# Exercise directions
All entries are to be reproduced exactly; the pictures are to be omitted.

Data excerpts
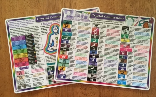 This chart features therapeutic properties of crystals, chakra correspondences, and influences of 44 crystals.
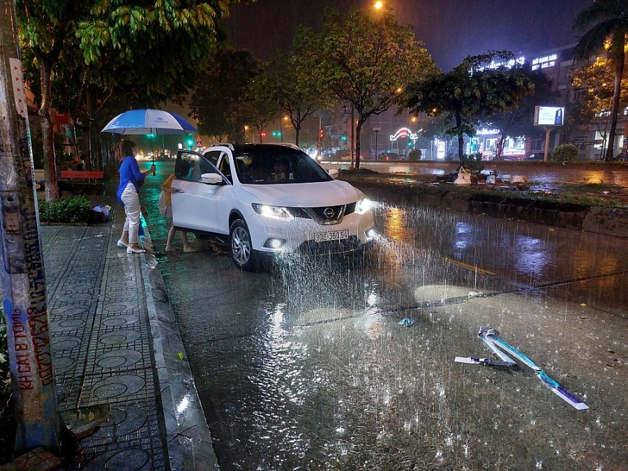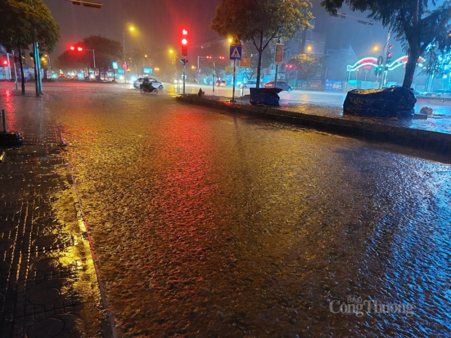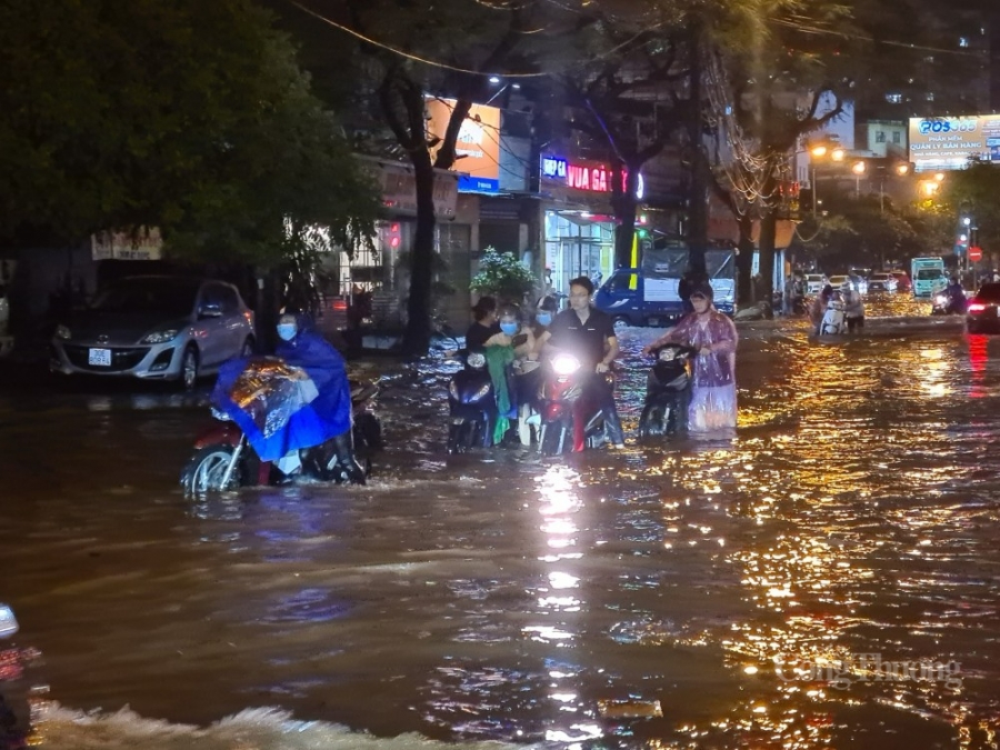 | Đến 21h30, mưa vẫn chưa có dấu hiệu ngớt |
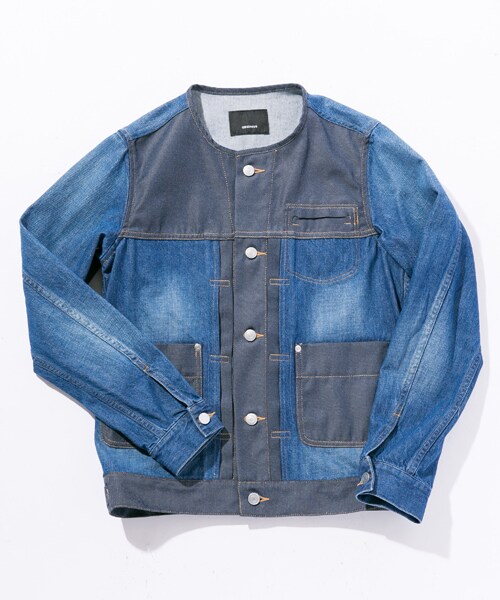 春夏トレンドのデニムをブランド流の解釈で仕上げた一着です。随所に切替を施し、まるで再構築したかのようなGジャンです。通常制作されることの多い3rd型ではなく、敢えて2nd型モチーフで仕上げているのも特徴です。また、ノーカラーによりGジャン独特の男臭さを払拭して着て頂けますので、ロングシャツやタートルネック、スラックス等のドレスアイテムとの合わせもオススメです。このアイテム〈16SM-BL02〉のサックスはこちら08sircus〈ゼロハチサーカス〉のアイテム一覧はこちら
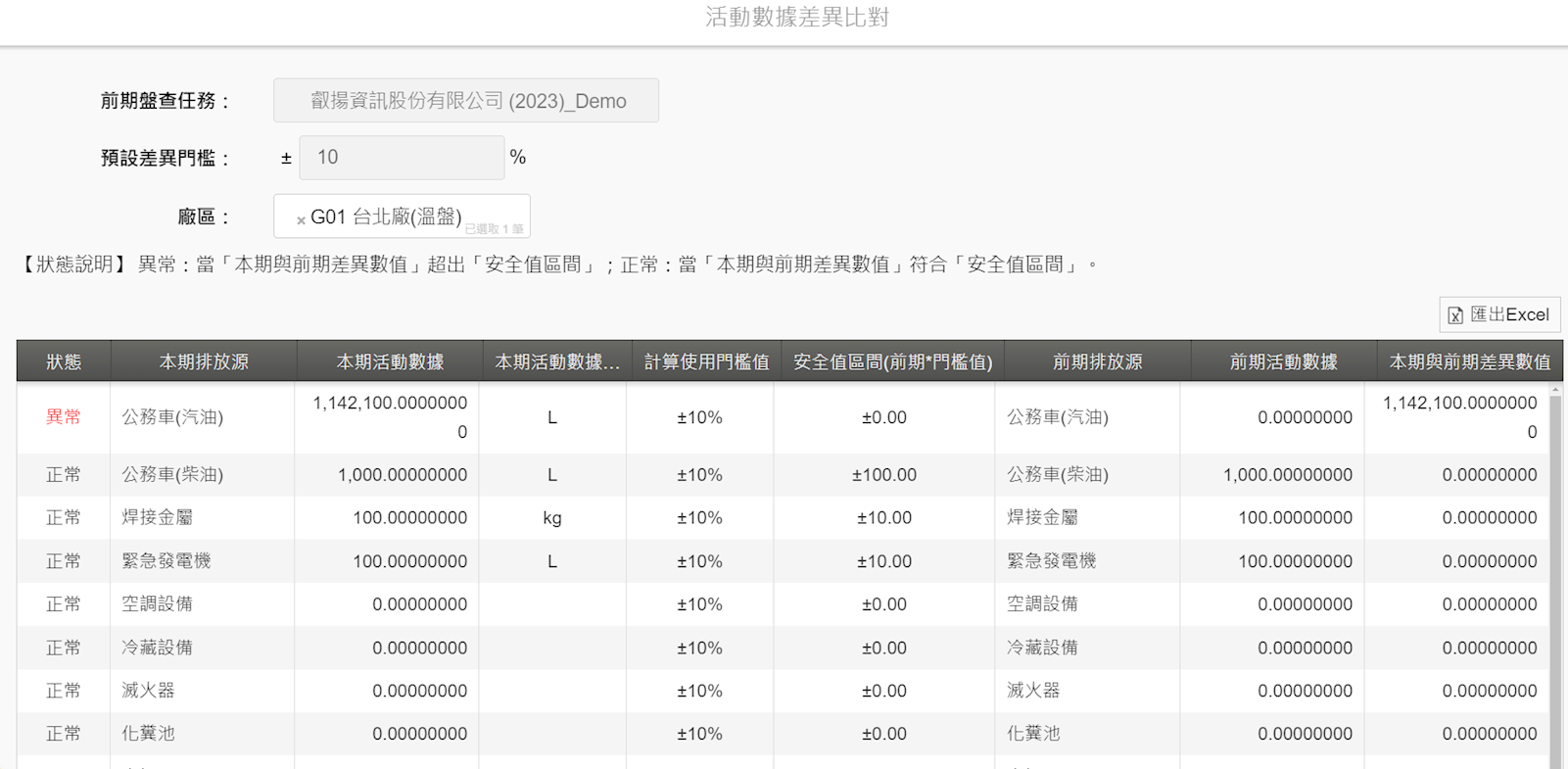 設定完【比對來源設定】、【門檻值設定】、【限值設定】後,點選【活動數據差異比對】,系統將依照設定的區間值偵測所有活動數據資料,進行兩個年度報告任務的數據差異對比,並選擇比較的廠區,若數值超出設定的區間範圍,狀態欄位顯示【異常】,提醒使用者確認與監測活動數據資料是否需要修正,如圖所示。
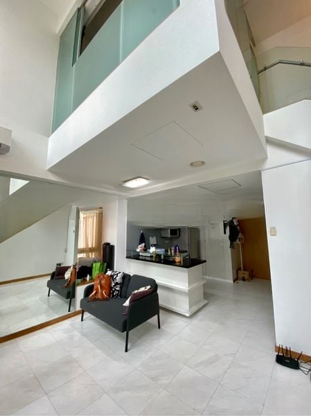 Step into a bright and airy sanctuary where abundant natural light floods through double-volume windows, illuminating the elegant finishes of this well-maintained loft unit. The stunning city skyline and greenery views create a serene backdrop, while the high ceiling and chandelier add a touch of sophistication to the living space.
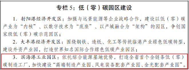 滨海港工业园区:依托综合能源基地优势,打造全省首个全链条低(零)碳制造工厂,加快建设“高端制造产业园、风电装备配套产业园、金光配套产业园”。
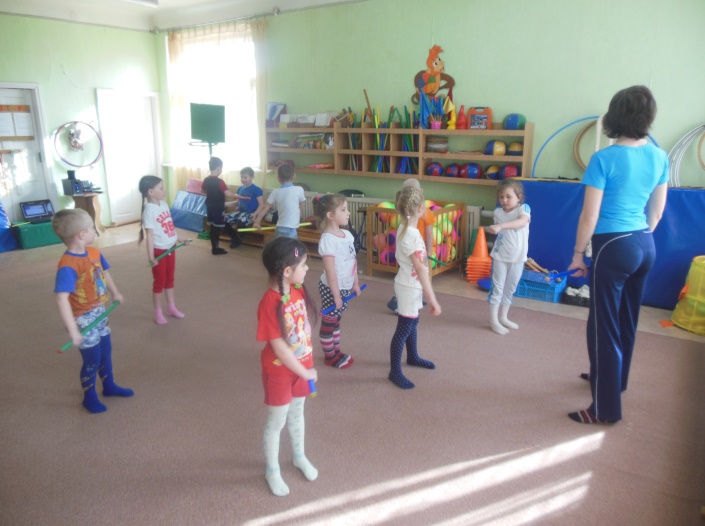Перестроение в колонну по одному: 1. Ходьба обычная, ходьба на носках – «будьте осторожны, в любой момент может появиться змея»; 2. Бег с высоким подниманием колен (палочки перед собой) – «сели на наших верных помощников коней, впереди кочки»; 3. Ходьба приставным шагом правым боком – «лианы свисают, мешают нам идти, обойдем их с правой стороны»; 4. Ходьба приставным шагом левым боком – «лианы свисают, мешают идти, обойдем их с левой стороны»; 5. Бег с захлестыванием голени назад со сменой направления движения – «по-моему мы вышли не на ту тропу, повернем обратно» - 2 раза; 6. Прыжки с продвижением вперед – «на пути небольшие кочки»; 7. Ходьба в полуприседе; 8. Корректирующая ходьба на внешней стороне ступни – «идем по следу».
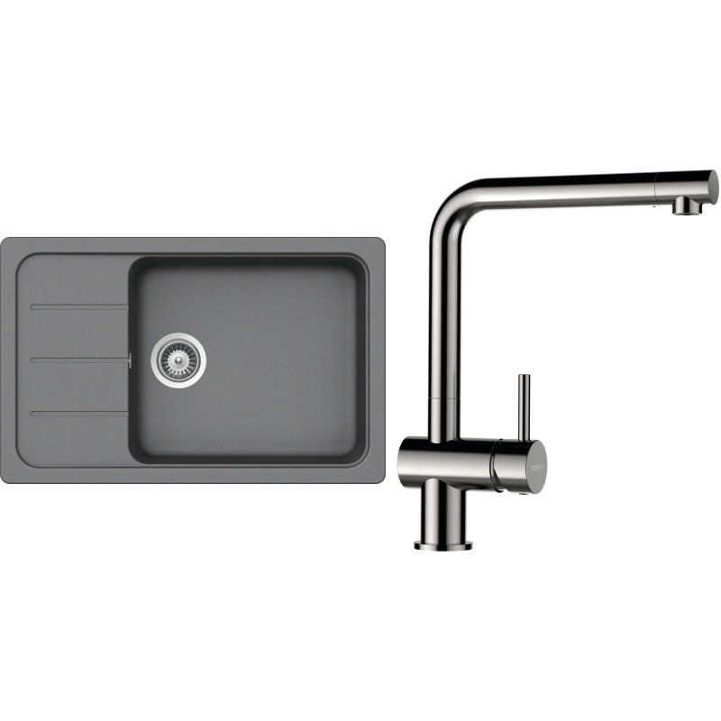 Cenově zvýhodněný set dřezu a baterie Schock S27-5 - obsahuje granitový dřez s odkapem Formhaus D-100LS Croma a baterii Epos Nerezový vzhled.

# Solution for this task
 This chart features therapeutic properties of crystals, chakra correspondences, and influences of 44 crystals.
 | Đến 21h30, mưa vẫn chưa có dấu hiệu ngớt |
 春夏トレンドのデニムをブランド流の解釈で仕上げた一着です。随所に切替を施し、まるで再構築したかのようなGジャンです。通常制作されることの多い3rd型ではなく、敢えて2nd型モチーフで仕上げているのも特徴です。また、ノーカラーによりGジャン独特の男臭さを払拭して着て頂けますので、ロングシャツやタートルネック、スラックス等のドレスアイテムとの合わせもオススメです。このアイテム〈16SM-BL02〉のサックスはこちら08sircus〈ゼロハチサーカス〉のアイテム一覧はこちら
 設定完【比對來源設定】、【門檻值設定】、【限值設定】後,點選【活動數據差異比對】,系統將依照設定的區間值偵測所有活動數據資料,進行兩個年度報告任務的數據差異對比,並選擇比較的廠區,若數值超出設定的區間範圍,狀態欄位顯示【異常】,提醒使用者確認與監測活動數據資料是否需要修正,如圖所示。
 Step into a bright and airy sanctuary where abundant natural light floods through double-volume windows, illuminating the elegant finishes of this well-maintained loft unit. The stunning city skyline and greenery views create a serene backdrop, while the high ceiling and chandelier add a touch of sophistication to the living space.
 滨海港工业园区:依托综合能源基地优势,打造全省首个全链条低(零)碳制造工厂,加快建设“高端制造产业园、风电装备配套产业园、金光配套产业园”。
Перестроение в колонну по одному: 1. Ходьба обычная, ходьба на носках – «будьте осторожны, в любой момент может появиться змея»; 2. Бег с высоким подниманием колен (палочки перед собой) – «сели на наших верных помощников коней, впереди кочки»; 3. Ходьба приставным шагом правым боком – «лианы свисают, мешают нам идти, обойдем их с правой стороны»; 4. Ходьба приставным шагом левым боком – «лианы свисают, мешают идти, обойдем их с левой стороны»; 5. Бег с захлестыванием голени назад со сменой направления движения – «по-моему мы вышли не на ту тропу, повернем обратно» - 2 раза; 6. Прыжки с продвижением вперед – «на пути небольшие кочки»; 7. Ходьба в полуприседе; 8. Корректирующая ходьба на внешней стороне ступни – «идем по следу».
 Cenově zvýhodněný set dřezu a baterie Schock S27-5 - obsahuje granitový dřez s odkapem Formhaus D-100LS Croma a baterii Epos Nerezový vzhled.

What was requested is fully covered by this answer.